Ich genieße die Atmosphäre. Der Platz am Tresen ist wunderbar: vor mir Brot, Butter, Speisen, Wein und freundliche Kellner, hinter mir die lebhafte Stimmung. Es kommt ein bisschen Atelier-Charakter auf.

Es geht weiter mit Double Lamb Chop ($ 35/€ 27). Zu zwei makellos gegrillten, saftigen Lammkoteletts von vorzüglicher Qualität gibt es Radicchio, Kichererbsen-Croquette und einen Koriander-Basilikum-Jus. Das Gericht hat eine dezente orientalische Note und gefällt mir ausnahmslos – wie könnte es auch nicht, wenn ein so tolles Produkt im Mittelpunkt steht? Die Knochen putze ich blitzblank, selbstverständlich unter Zuhilfenahme meiner Hände. Alles andere wäre Frevel.

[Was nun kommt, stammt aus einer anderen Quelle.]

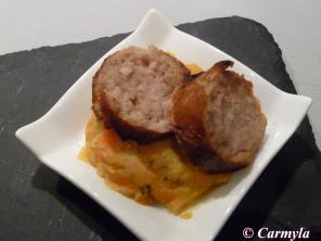 DESCRIPCIÓN: salchicha alemana al horno con pure compacto de patata y zanahoria. Sigue leyendo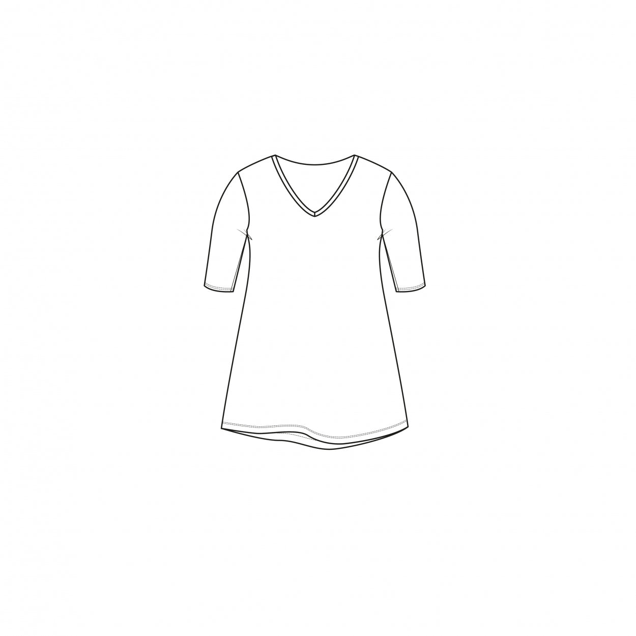 T-shirt met V-hals en slanke mouw tot aan de elleboog.

Das war’s dann auch schon! Doch das kurze Mahl hatte es in sich und zeigt erneut, was passiert, wenn man hervorragende Produkte mit Leidenschaft, Lockerheit und einem weltgewandten Publikum verbindet. Und beim nächsten Ma(h)l verschmähe ich weder Magritte noch Dessert, versprochen.

Informationen zu diesem Besuch
Restaurant: The Modern (→ Website)
Chef de Cuisine: Gabriel Kreuther
Ort: New York City, USA
Datum dieses Besuchs: 14.10.2013
Guide Michelin (NYC 2014): *
Meine Bewertung dieses Essens 7 (Was bedeutet das?)